GOAL OF THE EXERCISE:
Your task is to transcribe the data exactly while omitting each picture.

====== DATA SEGMENT ======

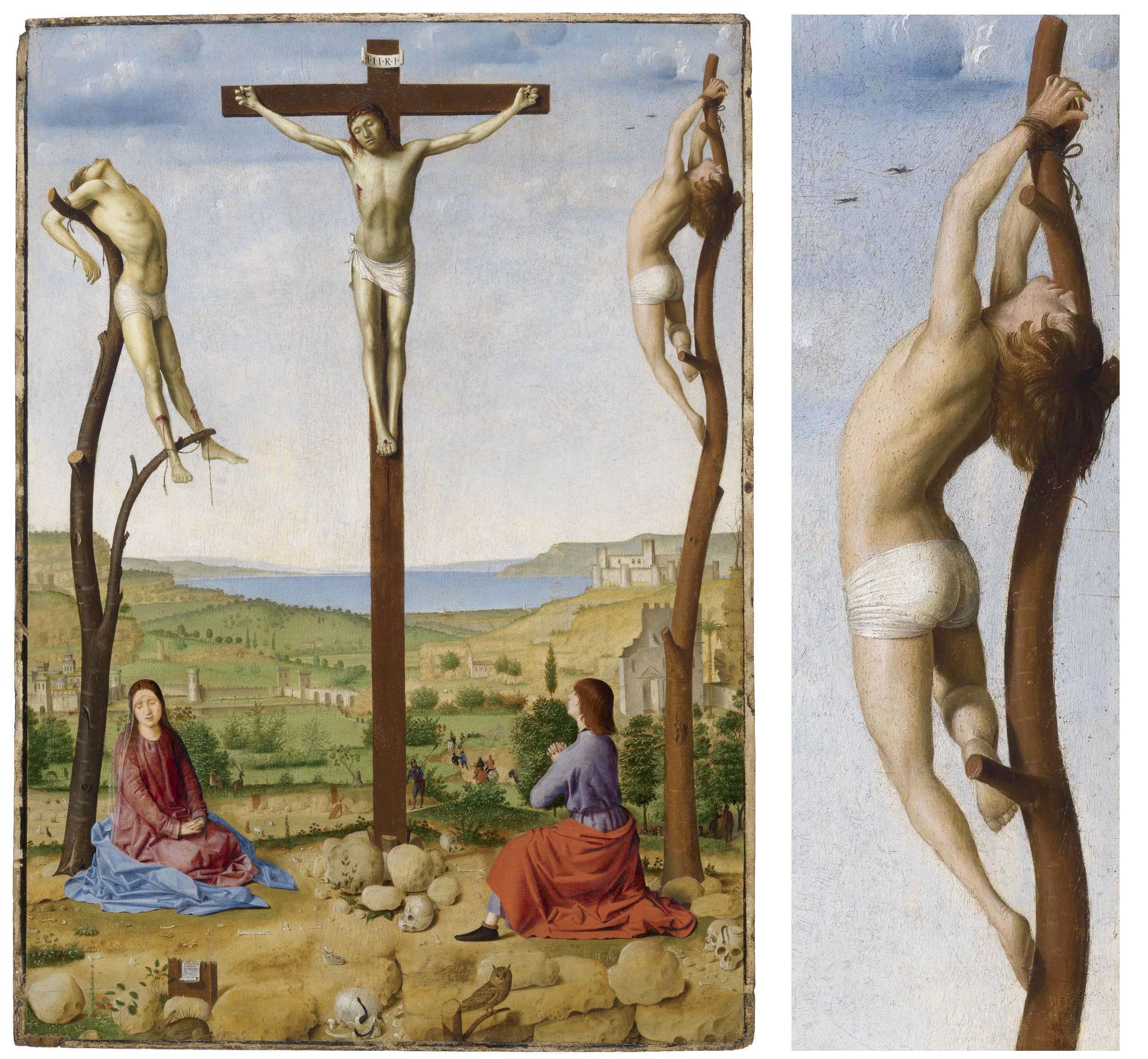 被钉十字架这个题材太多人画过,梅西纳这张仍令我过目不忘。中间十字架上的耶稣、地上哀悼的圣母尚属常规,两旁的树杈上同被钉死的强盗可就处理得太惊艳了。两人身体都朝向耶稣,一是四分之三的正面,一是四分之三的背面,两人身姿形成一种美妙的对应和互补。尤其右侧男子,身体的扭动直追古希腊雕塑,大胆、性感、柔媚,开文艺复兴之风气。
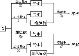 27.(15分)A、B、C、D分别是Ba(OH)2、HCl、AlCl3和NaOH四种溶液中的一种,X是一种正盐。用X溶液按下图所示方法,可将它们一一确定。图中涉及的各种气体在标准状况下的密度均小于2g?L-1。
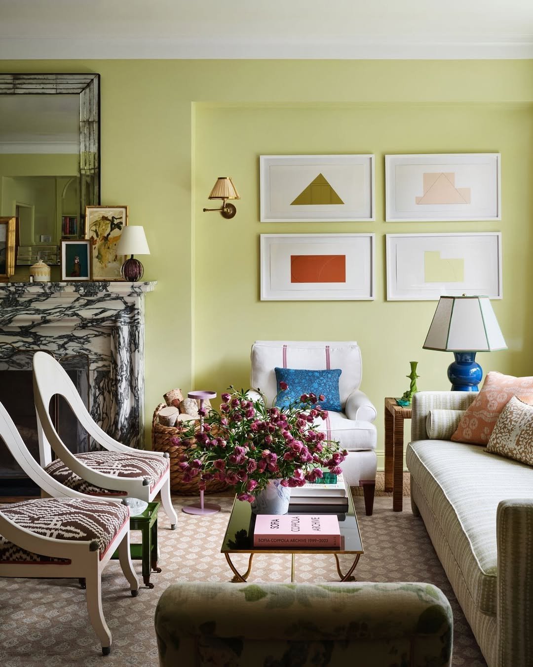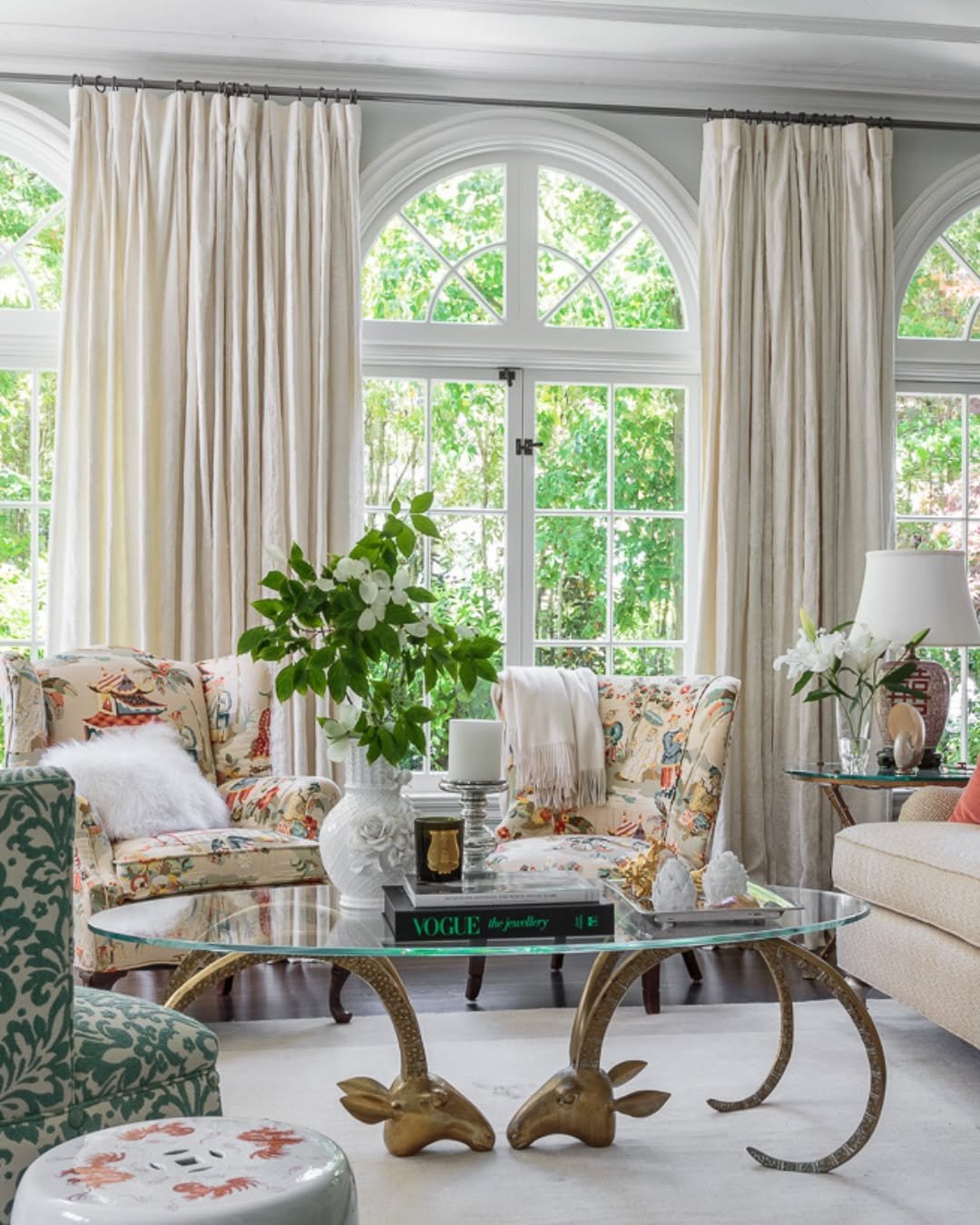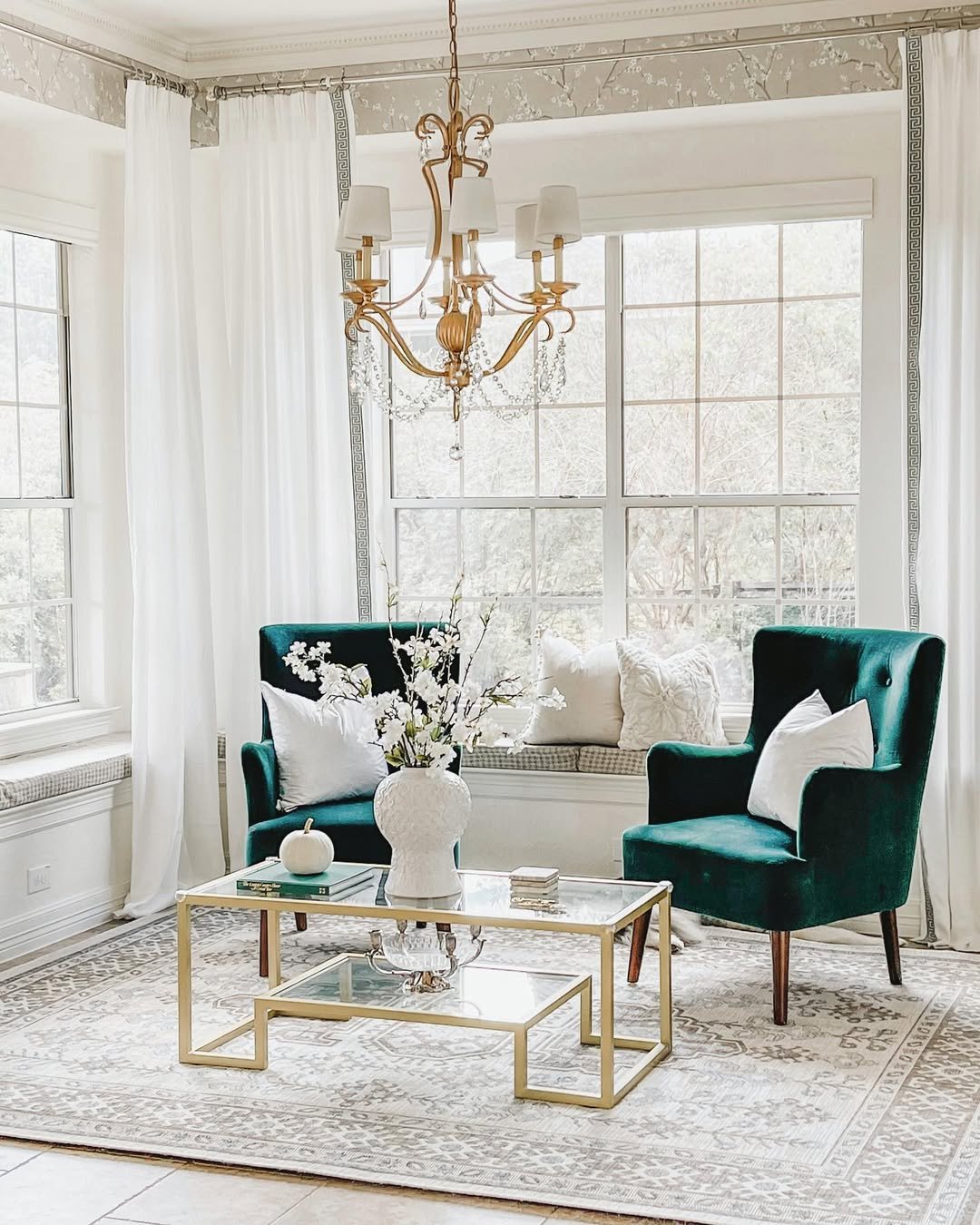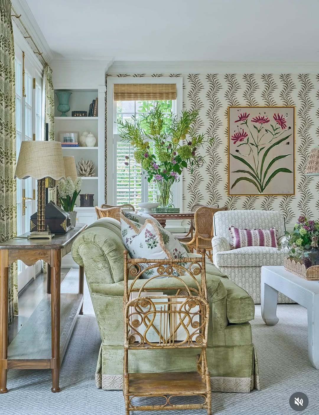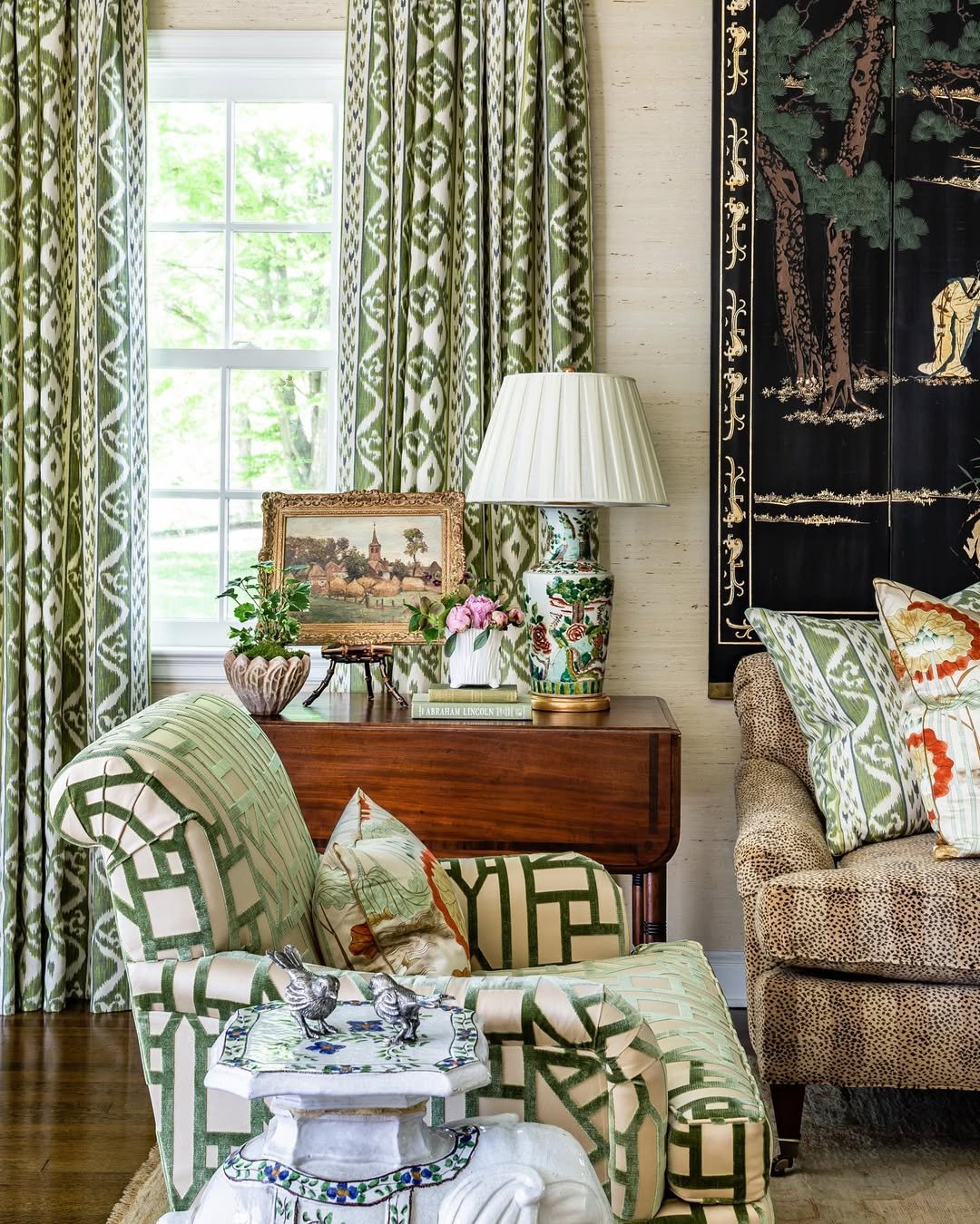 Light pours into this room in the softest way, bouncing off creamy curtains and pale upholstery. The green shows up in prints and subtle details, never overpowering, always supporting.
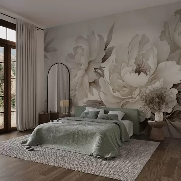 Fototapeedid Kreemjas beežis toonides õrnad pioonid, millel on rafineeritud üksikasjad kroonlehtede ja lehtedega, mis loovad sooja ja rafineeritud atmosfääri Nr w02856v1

======

ANSWER BOX:
 被钉十字架这个题材太多人画过,梅西纳这张仍令我过目不忘。中间十字架上的耶稣、地上哀悼的圣母尚属常规,两旁的树杈上同被钉死的强盗可就处理得太惊艳了。两人身体都朝向耶稣,一是四分之三的正面,一是四分之三的背面,两人身姿形成一种美妙的对应和互补。尤其右侧男子,身体的扭动直追古希腊雕塑,大胆、性感、柔媚,开文艺复兴之风气。
 27.(15分)A、B、C、D分别是Ba(OH)2、HCl、AlCl3和NaOH四种溶液中的一种,X是一种正盐。用X溶液按下图所示方法,可将它们一一确定。图中涉及的各种气体在标准状况下的密度均小于2g?L-1。
 Light pours into this room in the softest way, bouncing off creamy curtains and pale upholstery. The green shows up in prints and subtle details, never overpowering, always supporting.
 Fototapeedid Kreemjas beežis toonides õrnad pioonid, millel on rafineeritud üksikasjad kroonlehtede ja lehtedega, mis loovad sooja ja rafineeritud atmosfääri Nr w02856v1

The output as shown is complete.